Job DescriptionNordstrom Technology seeks an exceptional
Site Reliability Engineer with deep networking expertise to join our Nordstrom Operations Center (NOC) team. You'll maintain "eyes on glass" monitoring of application services and critical network infrastructure, ensuring the health and reliability of Nordstrom's retail operations. This role combines proactive monitoring, incident response, and root cause analysis with advanced network troubleshooting-diagnosing complex issues spanning the full stack and driving resolution of P1/P2 incidents that impact business operations.
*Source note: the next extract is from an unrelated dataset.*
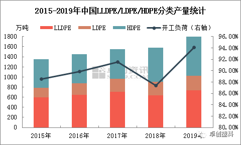 伴随着中国聚乙烯产能的不断扩大,近5年来聚乙烯产量呈现逐年递增趋势,2019年中国聚乙烯产量达到1793.61万吨,同比增加13.3%。2019年石化装置大修企业数量比2018年明显减少,开工负荷水平有所上升。

This role is offered as onsite in Seattle, WA supporting Nordstrom's 24/7 NOC. Candidates must be available to work in office at the Nordstrom corporate headquarters 5 days/week with shifts starting at 6:00 AM PST, including one weekend day per week (Saturday or Sunday) as part of regular rotation. A day in the life... Monitoring & Incident Response: - Maintain real-time monitoring across application services, network infrastructure, and business KPIs (site visitors, order flow, revenue-impacting metrics)
- Participate in 24/7 on-call rotations, responding to PagerDuty alerts and managing incidents through ServiceNow workflows
- Lead P1/P2 incident troubleshooting, coordinating with engineering teams and vendors to restore service rapidly
- Perform real-time network diagnostics and performance testing during active incidents
Network Operations: - Monitor and troubleshoot routers, switches, firewalls, load balancers, wireless systems, and SD-WAN solutions
- Analyze network performance, identify bottlenecks, and recommend optimization strategies
- Investigate connectivity issues, VLAN configurations, routing problems, and security events
- Coordinate with network engineering during changes, maintenance windows, and infrastructure upgrades
- Maintain visibility into multi-vendor cloud environments (AWS, Azure) and cloud networking architectures
Root Cause Analysis & Continuous Improvement: - Conduct deep technical investigations focusing on credential expirations, service account failures, authentication incidents, and cascading failures
- Document findings in detailed RCA reports with actionable remediation steps
- Build and refine monitoring dashboards to improve Mean Time to Detect (MTTD) and Mean Time to Mitigate (MTTM)
AI-Driven Operations & Automation: - Contribute to AI-driven incident detection and automated response initiatives, building autonomous monitoring and remediation capabilities
- Develop scripts and automation to remediate common incidents, reduce manual toil, and accelerate response workflows
- Create automated health checks and build integrations between monitoring platforms (New Relic, PagerDuty, ServiceNow, Jira)
Observability & Reliability: - Enhance monitoring, logging, and alerting using New Relic or similar platforms
- Track operational metrics (MTTD, MTTM, incident trends) and build executive-level dashboards
- Support SLO/SLI definition and tracking for critical services and network infrastructure
- Collaborate with teams to improve fault tolerance, redundancy, and disaster recovery
Collaboration & Leadership: - Work closely with software engineering, infrastructure, and network teams to improve operational readiness
- Communicate effectively with stakeholders at all levels during incidents and post-incident reviews
- Contribute to NOC optimization including shift scheduling and process improvements
You own this if you have... Required Technical Skills: Networking Expertise: - Strong understanding of TCP/IP, OSI model, routing protocols (BGP, OSPF), and switching technologies
- Experience troubleshooting network connectivity, packet loss, latency, and performance issues
- Proficiency with network monitoring tools and packet analysis (Wireshark, tcpdump, NetFlow/sFlow)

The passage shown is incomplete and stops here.